L'ex-GI qui arbore sur son pull l'Indian Head (tête d'indien), emblème de sa division, espérait toutefois pour Louis Castel plus que les quelque 21.450 «amis» sur Facebook.
«Entre les deux guerres on s'attendait pas à ce que ça recommence (...)», avertit cet homme d'origine juive qui a perdu un oncle et une tante dans les camps de concentration et dont la mère est restée à Paris pendant la guerre.
«Aujourd'hui il y a des rappels d'antisémitisme qui se font jour (...) Je voudrais que les jeunes se révoltent», explique à l'AFP, l'ex GI préoccupé par le négationnisme.
En 1940, ce parisien n'a pas hésité à s'engager «par dégoût de la dictature». Il va voir le représentant de Gaulle à New York, réfléchit. Ses amis lui suggèrent l'armée américaine qu'il finit par rejoindre. Le futur franco-américain ne sait pas encore que cela lui permettra de revenir en France où son bilinguisme sera un atout précieux.
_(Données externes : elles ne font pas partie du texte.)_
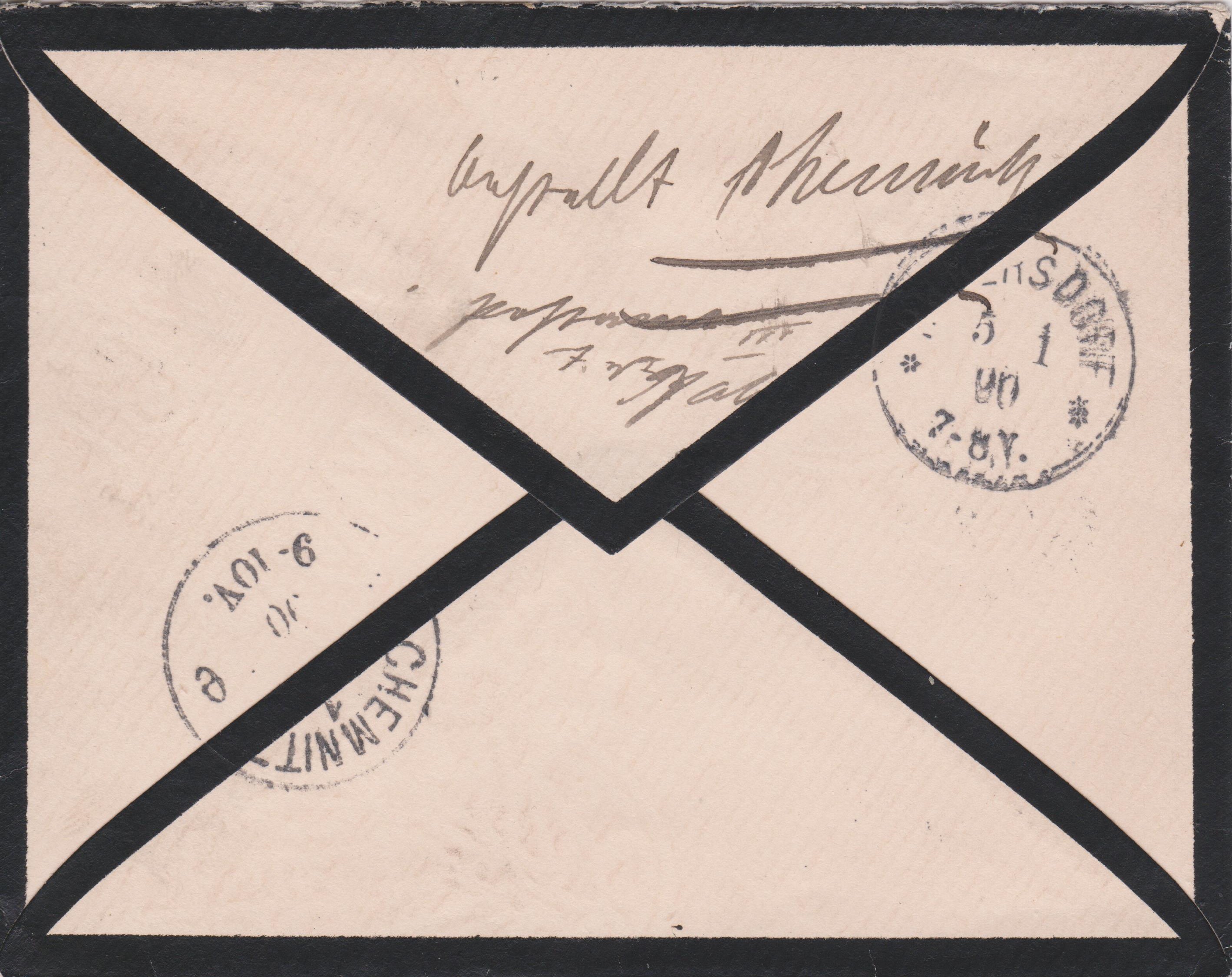 Daher wurde am 27.12.1946 die als ungültig erkannte Frankatur dieses Trauerbriefes mit Blaustift umrahmt und der Tagesstempel PLETTENBERG 1 wurde links daneben abgeschlagen. Am Bestimmungsort Altena wurde das Eineinhalbfache des fehlenden Portos von 6 Pf = "9" Pf per Blaustift vermerkt und als "Nachgebühr" erhoben.

- on m'appelait «Libérateur»-
«Je ne connaissais pas de Gaulle. Je savais seulement qu'il avait été secrétaire d'Etat à la guerre et qu'il s'entendait mal avec Churchill et Roosevelt», a écrit pour lui sa petite fille Caroline Jolivet dans «Bernard Dargols, un GI français à Omaha Beach», après plusieurs années d'enquête et d'entretiens.
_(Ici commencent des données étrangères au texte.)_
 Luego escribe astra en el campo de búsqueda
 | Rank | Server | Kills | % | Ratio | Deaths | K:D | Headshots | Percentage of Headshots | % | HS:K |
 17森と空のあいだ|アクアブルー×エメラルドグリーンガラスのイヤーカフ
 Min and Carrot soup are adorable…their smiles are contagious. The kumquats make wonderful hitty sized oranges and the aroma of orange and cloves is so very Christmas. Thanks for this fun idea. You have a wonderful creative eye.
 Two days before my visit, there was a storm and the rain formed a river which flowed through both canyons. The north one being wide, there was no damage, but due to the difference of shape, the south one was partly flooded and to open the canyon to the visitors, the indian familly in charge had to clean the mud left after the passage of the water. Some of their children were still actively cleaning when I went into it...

Du général, Bernard Dargols salue aujourd'hui le «courage» mais il en garde encore une opinion «mitigée».
Plus prompt à faire rire qu'à apitoyer son assistance, Bernard Dargols a pendant plusieurs heures répondu aux questions des journalistes et du public lundi 5 mai au Mémorial de Caen avant de souffler ses 94 bougies.
Le vétéran souligne «les horreurs de la guerre», évoque sa «peur au ventre», notamment lorsqu'il est envoyé pour la première fois en mission de reconnaissance, seul avec un policier militaire, à Formigny dans un village à quelques km d'Omaha.
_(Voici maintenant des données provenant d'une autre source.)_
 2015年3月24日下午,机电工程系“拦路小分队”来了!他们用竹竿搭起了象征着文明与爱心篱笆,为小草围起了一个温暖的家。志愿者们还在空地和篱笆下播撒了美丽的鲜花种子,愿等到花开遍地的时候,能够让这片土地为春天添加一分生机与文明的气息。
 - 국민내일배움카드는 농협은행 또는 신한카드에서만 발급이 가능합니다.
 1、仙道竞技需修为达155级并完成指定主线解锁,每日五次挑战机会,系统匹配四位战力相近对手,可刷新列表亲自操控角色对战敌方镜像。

Un rôle qui lui a permis de ne tuer personne et «d'éviter des bombardements inutiles» dans cette guerre «qui a tué plus de civils que de militaires», poursuit-il.
Dans le livre paru en 2012 aux éditions Ouest-France, sa petite fille âgée aujourd'hui de 35 ans, raconte pour lui la longue attente avant le Débarquement, l'inquiétude pour sa famille, la traversée sans escorte vers l'Angleterre, et puis le 8 juin «l'angoisse» qui «décuple», «le bruit assourdissant des bombardements». «Certains GIs tombaient à l'eau. Par quel miracle allais-je réussir à parcourir ces derniers mètres (avant la plage, ndlr) (...) Si le Liberty Ship avait eu une marche arrière rapide, je crois que j'aurais demandé à ce qu'on l'actionne» lit-on.
Quelques longues heures plus tard, à bord de sa jeep estampillée «la Bastille», il retrouve sa terre natale après six ans d'absence et ses habitants qui en croient à peine leurs oreilles: «Quelle émotion pour moi d'entendre parler français, d'être pris dans les bras par des gens beaucoup plus âgés que moi qui m'appelaient libérateur», raconte-t-il.
«Si j'avais gardé toutes les bouteilles de Calva qu'on m'a données je crois que j'aurais pu ouvrir une épicerie fine!» plaisante ce bon vivant qui a repris la boutique de machine à coudre de son père après la guerre.